Posted by: mahathir_fan | December 09, 2007 at 03:48 AM
well... but if the government keeps preventing its people to think independently, a.k.a., "making the wrong decisions" (or any other decisions); the "generation of scientific thinkers" may not emerge in a thousand years.
also, being "scientific" is not the only way (or even necessary criteria) to make sane choices. science is no panacea =P
Posted by: joseph | December 17, 2007 at 02:36 PM
Google.cn works now:
http://www.google.cn/search?hl=zh-CN&ie=GB2312&q=%D2%CF%C1%A6%C9%F1
Posted by: Charles Liu | December 17, 2007 at 04:01 PM
"The long term solution is to foster a generation of scientific thinkers. A generation that would think, analyze, and critic and reason. Not a generation that believes in hearsay or "luck" or superstition."
That will NEVER happen in China with the current government.

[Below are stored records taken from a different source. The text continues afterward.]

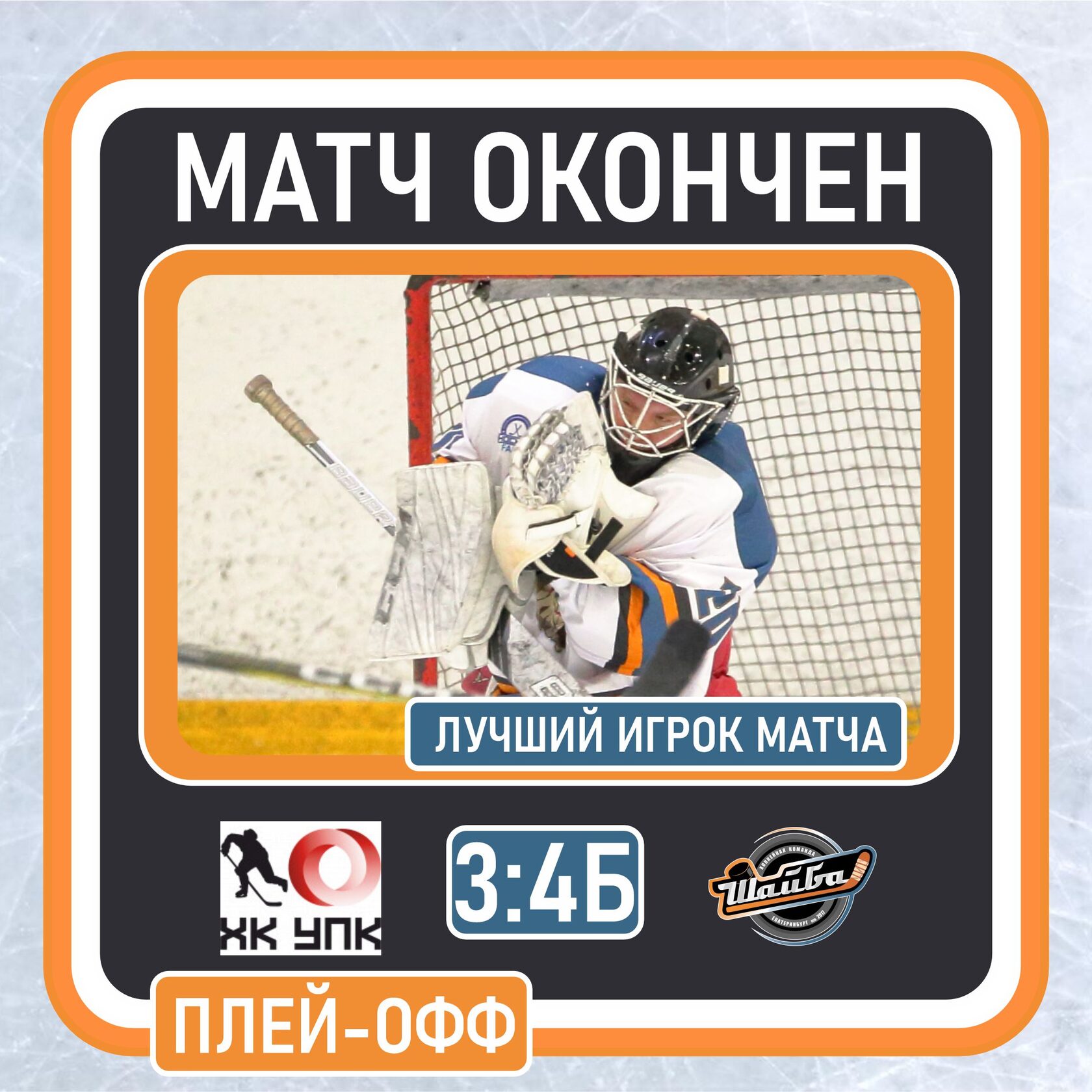 Ответный матч с ХК "УПК", отступать некуда, проигрывать нельзя, а продолжить сезон ой, как хочется! Заряжались, настраивались перед игрой, вышли и провалили первый период... Причем провалили не все и провалили по разному. Если первая пятерка, как всегда, старалась, создавала моменты и отрабатывала в обороне, то вторая и третья, в первых же своих сменах заработали по "-1", причем в самых глупых ситуациях, оба гола с добивания на "пятаке", сгрудились, не разобрались между собой и на выходе 2:0. Моменты, конечно, были и были прямо очень хорошие и не только у "мощных", парни из второй и третьей, тоже не лыком шиты, но как будь то не хватала запала и искры, все время на полшага позади. Матч плей-офф, сдаваться никто не хотел, удалений было, умотаться! Но вот дивидендов из этого извлечь не могли ни те, ни другие. На перерыв ушли в равных и неполных составах, соответственно вторую половину игры начали так же и вот тут, что то поменялось, толи Алексей Андреевич нашел, какие то правильные слова в перерыве: "Парни, есть всего 23 минуты", то ли сами пацаны это осознали, что конец сезона близок, а скорее всего - это комбинация этих моментов! Но вышла другая команда! Виктор Прокудин сподряд выиграл три вбрасывания, на одной и той же точке, в левом круге и каждый раз на подборе Алексей Трухин, и вот третья попытка увенчалась успехом! Алексей попал в "девятку", первый гол в розыгрыше! 2:1! Начали давить, пошли хорошие моменты, но пропустили совершенно ненужный и необязательный гол... Сутолока на своей синей линии, попадание в защитника, не усмотрели за нападающим и соперник из правого круга прицельно бросил в ворота. 3:1. Череда необдуманных и случайных событий привела к весьма, плачевному результату. В матчах на вылет, нужно обдумывать каждый свой шаг на перед, тем более, что голы команде даются очень тяжело, а пропускаем мы, очень легко. В следующей же смене, Прокудин забрался с шайбой в зону, но не вышел бросок, шайба отскочила к Нафикову и Дамир переиграл вратаря соперника! 3:2! Должно было повезти и повезло, хотя если бы парни так не старались, то и не было бы этого отскока! После этого тренер перешел на игру в два звена, взвинтив темп и усадив на лавку третью тройку, не шло у парней в этом матче, хотя старались. Парни в белом обосновались в зоне соперника, хозяйничали там, как у себя дома, очень здорово в атаке помогал Георгий Кислицын, закрывал синюю, цеплялся за каждую возможность. Вот именно этот натиск и принес результат! Трухин, как таран продрался сквозь соперников, все руки "обстучали", но Алексей "прострелил" на "пятак", где Виктор Прокудин грамотно подставил клюшку и перебросил вратаря!!! 3:3! За 4,5 минуты до сирены, Виктор сравнял счет в матче и дал надежду на продолжение этой серии и этого сезона! Как с цепи сорвались команды, сначала "шайбовцы" пошумели в зоне хозяев, затем хозяева имели сумасшедшие моменты у ворот гостей, Дмитрий Субботин, какими то нереальными действиями не дал шайбе зайти в ворота! А за секунду до сирены, Дамир Нафиков попал в штангу! Накал матча был просто не ральным, самая настоящая битва плей-офф! Буллиты. Пусть они считается лотерей, но при таком желании и при такой игре, не могла "Шайба" проиграть! Дмитрий Субботин отразил все три попытки, переиграв оппонентов, а Антон Астахов реализовал единственную попытку поставив точку в этой игре! Сейчас нас ждет трети
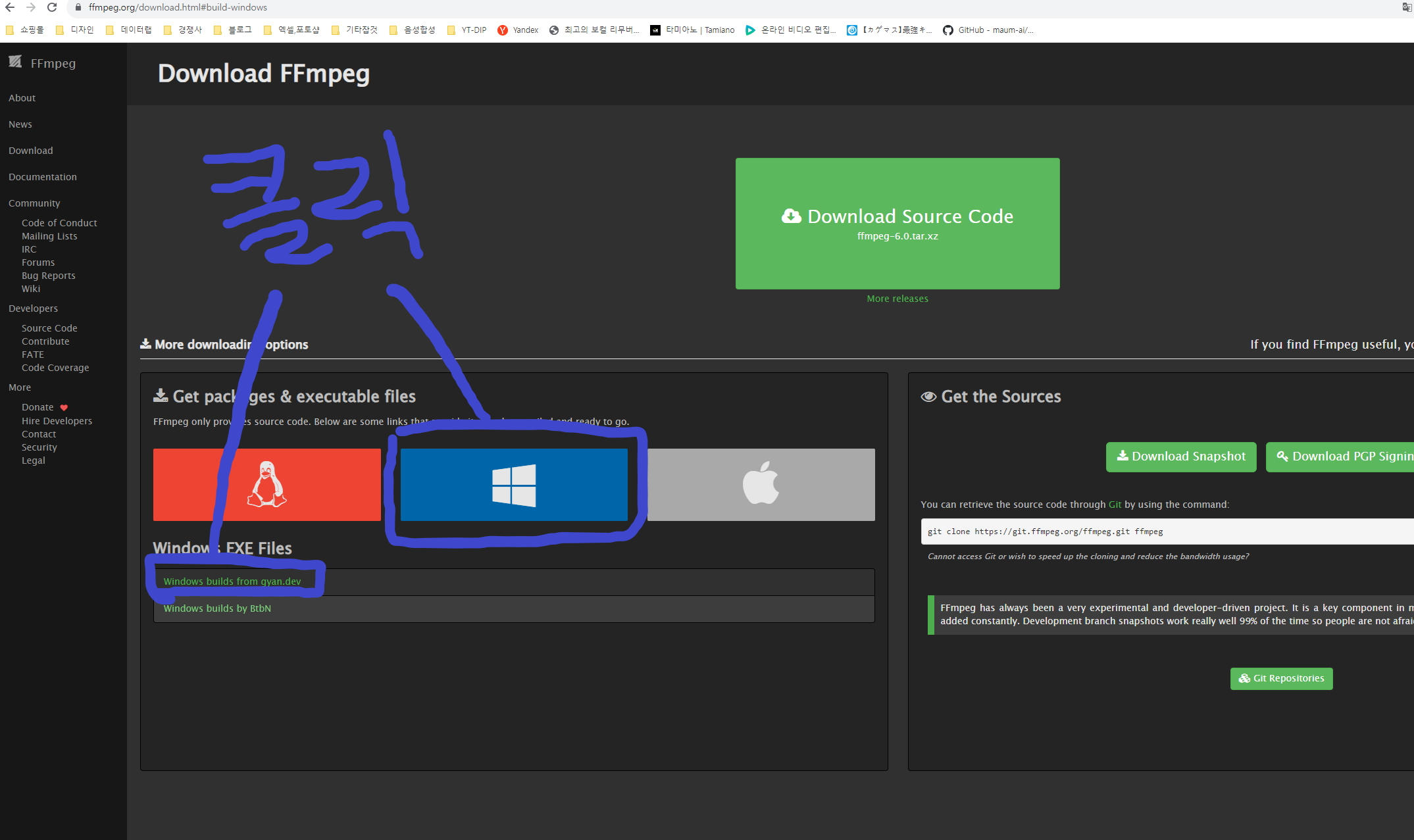 윈도우 사용자는 저처럼 윈도우 아이콘에 마우스를 가져다 대고 WIndows builds from gyan.dev를 클릭해 줍니다.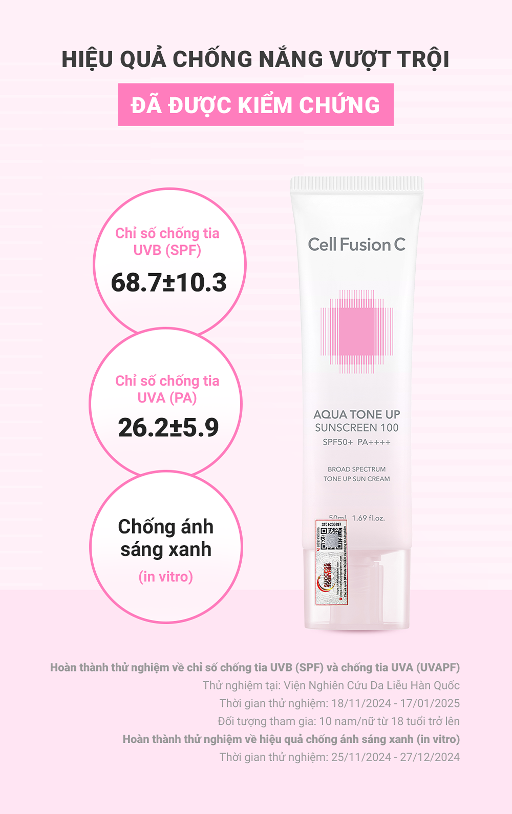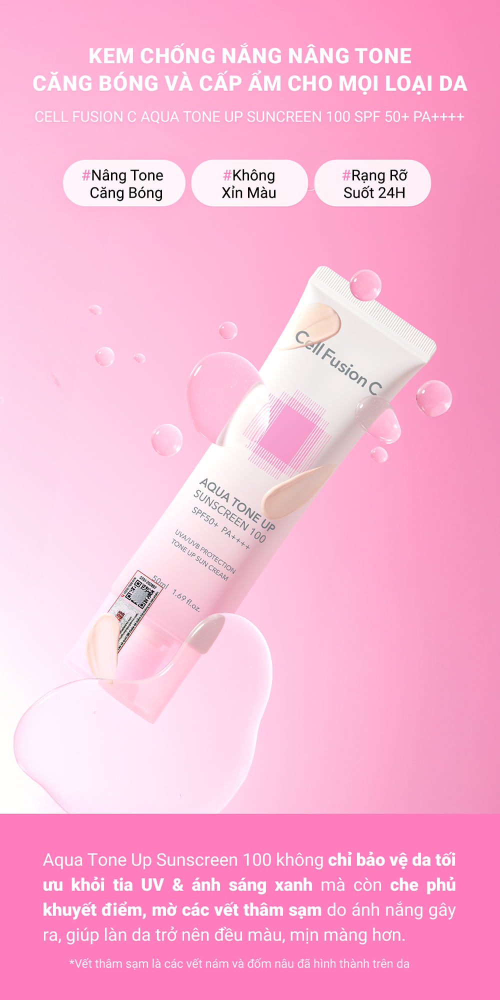 Cell Fusion C Aqua Tone Up Suncreen 100 SPF 50+ PA++++ kem chống nắng nâng tone giúp bảo vệ da trước tác hại của tia UV, đồng thời cấp ẩm dịu nhẹ trên da.

Unfortunately that majority of a Mainland Chinese will remain little more than clever monkeys indefinately.
How can you learn to think analytically when you have nothing to analyse, and when you are rebuked for anylysing anything in school or what the textbook says?
I asked a government official in Wuhan why he thought China had to be so strict in monitoring the internet and media, his response was "Chinese can't think by themselves, we have to guide their thinking, China has no official religion, but those who aren't Buddhist are 'governmentist', we are their religion and we have to tell them what to think.
If the majority of Chinese stop believing in that religion, China will collapse."
So there you have it, these types of scams will continue to happen because:
1. Most Chinese can't think for themselves, they are like lambs waiting to be slaughtered
2. There is an endless supply of Chinese willing and happy to take advantage and cheat other Chinese, and if they pay off the local officials theres nothing to stop them.
If you think this post is a generalisation or racist, you need to get your arse to China, learn the language, and stay there for a good 5 years like me.